In the decision the RTB said Burky "should have paid July rent before leaving on her vacation.  By not paying the rent or advising the landlord of her plans, it could be considered that the tenant abandoned the rental unit and her belongings."

What's clear from the case, though, is that even if a landlord believes a tenant has abandoned their home, the landlord cannot throw out or otherwise dispose of someone's stuff.

"In abandonment, the landlord is responsible to make an inventory of the tenant's belongings that have monetary value and to put those belongings in safe storage for 60 days," the decision said.

Landlord disputes order

The owner of Property 1 Management, Harpreet Kaur, spoke with the CBC I-Team from British Columbia and made it clear she does not intend to pay the amount owing to Burky.  

Kaur said she is no longer in the rental business in Winnipeg and intended to hire a lawyer and fight the RTB decision. She also said Burky was messy and did not keep the house clean.

Notes on file with the RTB indicated the landlord tried to contact the tenant but the phone number she had for the tenant was not in service, the decision said. "In response to this information, the tenant said she never intended to move out and never gave notice to the landlord," it said.

The landlord had until November of 2015 to appeal the decision through the branch but did not file any paperwork.
Laura Gowerluk, director of the Residential Tenancies Branch, said landlords should store a tenant's belongings if they suspect a tenant has abandoned a dwelling. (CBC)

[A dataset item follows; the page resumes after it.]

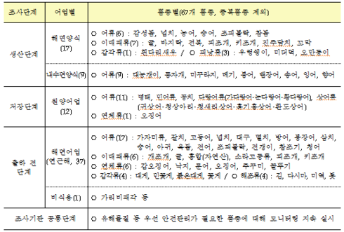 조사대상은 우선 소비자가 선호하고 즐겨 먹는 고등어, 명태, 갈치, 넙치, 오징어 등 다소비 대중성 품종과 최근 3년 동안 부적합 발생 이력이 있는 품종 등 특별관리 대상 수산물과 오염 우려가 있는 해역(지역)에서 생산된 수산물 등이다.
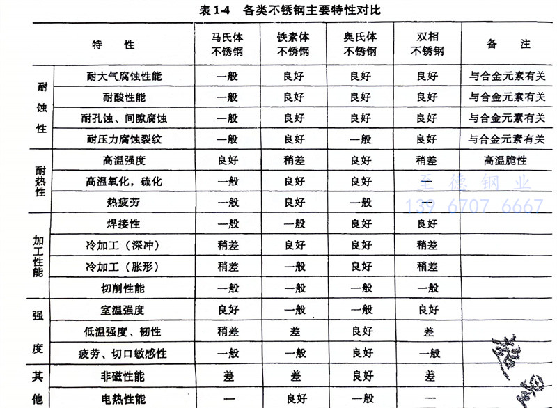 不銹鋼的類別主要有馬氏體不銹鋼、奧氏體不銹鋼、鐵素體不銹鋼、奧氏體-鐵素體雙相不銹鋼以及沉淀硬化型不銹鋼。浙江至德鋼業有限公司本次節主要介紹各類不銹(xiu)鋼的特性、特點以及典型鋼號的用途。其中,馬氏體不銹鋼、奧氏體不銹鋼、鐵素體不銹鋼、奧氏體-鐵素體雙相不銹鋼的主要特性比較見表1-4,各類不銹鋼的特點、鋼號和用途見表1-5。

Kaur disputes that she disposed of the tenant's belongings but said it was such a long time ago she no longer remembers what exactly happened to them.  

Laura Gowerluk, director of the Residential Tenancies Branch, told CBC News that landlords "need to store those items and be in touch with the tenant if they're able to reach them, in an effort to try and find a way of giving those belongings back to the tenant."

"Those are belongings of the tenant and so the landlord can't just take ownership of them without making a significant effort to get the belongings back to the tenant," Gowerluk said.

Can charge for storage

She added the landlord can charge the tenant a reasonable amount of money for the packing, removal and storage of personal items in such cases.

Burky sought legal advice on what she could do about the dispute.
Lawyer Carl Dalton said landlords and tenants should act in good faith while there's an unresolved dispute. (CBC)

"I wouldn't want someone else to throw out my things," said lawyer Carl Dalton.

"I would say as long as there's a dispute between the landlord and tenant, both parties should act in good faith and preserve things as well as they can. If you go ahead and start throwing out things before you're sure that it's been resolved, and that you're in the right, and legally you're doing the right thing, then I think you should try to preserve things and help out the other party with whatever difficult situation they're in."

As for Burky collecting on the outstanding judgment against Property 1 Management, Dalton said his office investigated and found there may not be assets in the company to make it worthwhile pursuing the case further.

"So our client didn't necessarily want to throw good money after bad money if potentially this judgement debtor didn't own any assets," Dalton said.